Brick by brick, old Parkland is slowly coming down
|Hospital had served Dallas County residents for more than 60 years
DALLAS – It is just before dawn when Eric Velasquez reports for demolition duty at the old Parkland Memorial Hospital. As a member of the Ecosystems crew charged with monitoring the air quality in and around the construction site, Velasquez is one of seven people who find themselves in a rather unique position. He is working alongside the crew who is tearing down the hospital where he was born.
Velasquez, who had not been back to the hospital since his birth in 2003, said he had a chance to see the area of the hospital where he was born, but at times, “it makes me sad that my kids will never see it.”
For Julian Guerrero, a safety manager with The Beck Group, one of the construction groups working on the demolition site, it is bittersweet seeing the structure come down piece by piece. For more than two decades, Guerrero was with Grand Prairie EMS and spent many hours in Parkland’s Emergency Department.
“I remember seeing the canopy that covered the ambulance bays come down and I kept thinking about how many times I had stood under it when we brought patients to Parkland. I remember days when all the bays were filled, and the ambulances were two deep,” he said. “And seeing parts of the ER going away … it brought back a lot of memories.”
For the last 22 months, architects, engineers, and contractors have been working diligently to prepare and plan the demolition of the former hospital. After eight months of selective demolition, hazardous material abatement, and interior demolition, the building’s superstructure demolition is noticeable to those driving past the Harry Hines location.
With demolition well underway, the landscape is changing with every load of the excavator bucket. Of more than 14,000 truckloads of material which is expected to be removed from the site, 1,656 have been removed through the end of March, equating to 28,553 tons of debris.
It has been a painstaking task to remove the structure that has stood tall since 1954. With connections to four buildings belonging to the University of Texas Southwestern Medical Center, Children’s Medical Center, and to the ER garage tunnel, the buildings had to be separated floor by floor, thus making an implosion impossible.
If a building can be resilient in its purpose to serve the community, Parkland is an example.
“I have seen a lot of buildings where you pull off one brick and the others just fall,” Guerrero said. “But not Parkland.

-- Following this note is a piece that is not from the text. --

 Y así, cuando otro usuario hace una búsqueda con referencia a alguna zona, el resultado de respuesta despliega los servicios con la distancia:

It was built with a lot of heavy steel and it has taken some work to come down. It has served its purpose well.”
But coming down it is.
“I have been at Parkland 35 years and spent the first 25 in the old building. This prolonged demolition process has been painful,” said Judy Herrington, MSN, RN, senior vice president of Nursing for Medicine Services. “I check the progress every few days to see if my office on the 10th floor is still standing but so many familiar landmarks are gone, the ER, the SICU. The main lobby. I had some of the best times of my nursing career in that building.”
Sheila DePaola, MSN, RN, a nursing operations specialist at Parkland, has watched the changing landscape daily. Most days, DePaola rides the TRE to Parkland and walks by the demolition site. On those days, she opts to drive; parking on the roof of the old ER garage gives a bird’ s-eye view of the site.

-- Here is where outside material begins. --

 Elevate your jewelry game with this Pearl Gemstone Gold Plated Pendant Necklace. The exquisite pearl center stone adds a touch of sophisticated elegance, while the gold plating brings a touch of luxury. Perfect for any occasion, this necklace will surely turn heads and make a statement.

“You cannot appreciate how quickly it is coming down. It takes your breath away,” said DePaola. “I think about the patients and friends we made in that building. Working there made me the person I am today. One day, we are going to wake up, and it will be all gone. It will just be a memory.”
For Grady Portis, Sr., the building has significant meaning. Not only was he born in Parkland, but it has been his work home for the last 24 years. As one of Parkland’s Life Safety Coordinators, Portis was one of the last employees stationed in the former hospital.
“It’s a little sad that the building is coming down,” Portis said. “There’s so much history. I can remember my grandmother bringing me to the Emergency Department when I was just a kid and had gotten hurt. Before the building was completely closed off, I went up to the Labor & Delivery area and thought, ‘This is where my life began!’”
But he, too, acknowledges that the building was no longer suitable for contemporary healthcare. The deterioration of its mechanical, plumbing, electrical, and life safety systems and the high cost of ongoing electrical power consumption even when it was in its “mothballed” state led Parkland leaders to make the fiscally sound decision to demolish the building. Currently, the future use of the land has not been determined.
Still, like many, Herrington says she hates “to see it come down, but I am looking forward to the next phase of our campus growth. Parkland keeps evolving, and it is exciting to be a part of it.”